— Да он, никак, стоит.
— Где? где?
— Вон, вон направо-то.
— Да где направо?
— А вот прямо-то изволите видеть желтые тветы, так за тветами-то в кусте белеет. Это, знать, он; ишь как хвост-то уставил!
Не слишком доверяя стойкости Полкана, бегу, задыхаясь, по указанному направлению. Серый дупель, выпорхнув из-под собаки, параболой приподымается на воздух. Он летит так плавно, что не только длинный нос его, но и черные блестящие глаза совершенно видны. Паф! паф! Дупель продолжает параболу, начиная спускаться к земле.
— А правая-то нога повисла, — кричит Алешка. — Ишь как болтается!
Еще дупель, и еще; а вот молодая утка, по неопытности, выплыла на чистое место. Паф! «Apporte[27], Полкан!» И ее давай сюда. Но солнце начинает припекать. Жирный Полкан высунул язык, комары кусаются; скоро девятый час — пора домой. Матушка, верно, ожидает с чаем.
— Вот и жаркое, maman.
— Благодарю, дружок, да поцелуй же свою мамашу. Боже, как ты загорел! Послушайся моего совета: умойся на ночь сывороткой или отваром из петрушки.
— Не надо, maman; пожалуйста, оставьте.
— Ну, так я пришлю тебе самохотовского огуречного молока.
— Не надо ничего.
— Да ты страшен! Я видеть тебя не могу, — говорит матушка, подводя к своим губам мою пылающую голову. — Как ты с таким красным носом поедешь в Мизинцево!
— Очень просто: я ни с красным, ни с белым не поеду.
— А что скажет отец, когда приедет? Он скажет, что с людьми нельзя так жить, что есть на свете небольшой зверок — пристойность, который, за неуважение к себе, больно кусается. Одним словом, и тебе и мне достанется.
— Мамаша, право, мне не зачем туда ехать и гораздо веселей с вами.
— О, ты преизбалованный мальчик!
— Maman! а что я вам говорил?
— Виновата, друг мой, виновата! Я знаю, ты уже не мальчик, но в глазах матери дети — всегда дети.

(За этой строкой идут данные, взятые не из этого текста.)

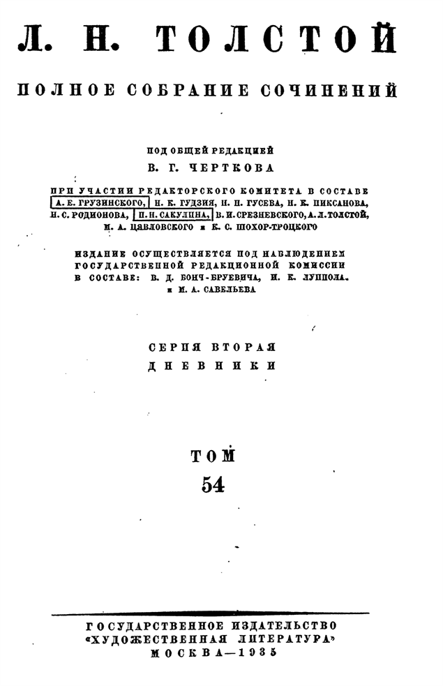 Полного собрания сочинений Л. Н. Толстого, предоставленной

Результатом всего этого было, что я ездил верхом, стрелял дупелей, а в Мизинцево не поехал.
VI
И то и се
Еще минул год. Опять весна. Опять чудные майские ночи…
Есть речи, — значенье
Темно иль ничтожно,
Но им без волненья
Внимать невозможно.
Таковы для меня звуки: «майская ночь». Сколько тысяч раз соловьи, поэты и прозаики воспевали ее! Сколько вариаций на эту вечную тему! Но что значит все это? Майская ночь опьяняет человека, вынуждает его зарыдать на ее благоуханной груди — где же тут описывать? Это последняя ночь над тетрадями. Завтра окончательный экзамен. Какое счастие! Завтра свет растворит передо мной настежь свои двери. Иди, куда хочешь. И вот на другой день последний экзамен кончен. Я видел, как профессор приставил против моей фамилии полный балл. Кончено! Университет для меня более не существует… Но где же радость, о которой я мечтал годы? Ее нет! На душе нисколько не радостно, даже глубоко грустно…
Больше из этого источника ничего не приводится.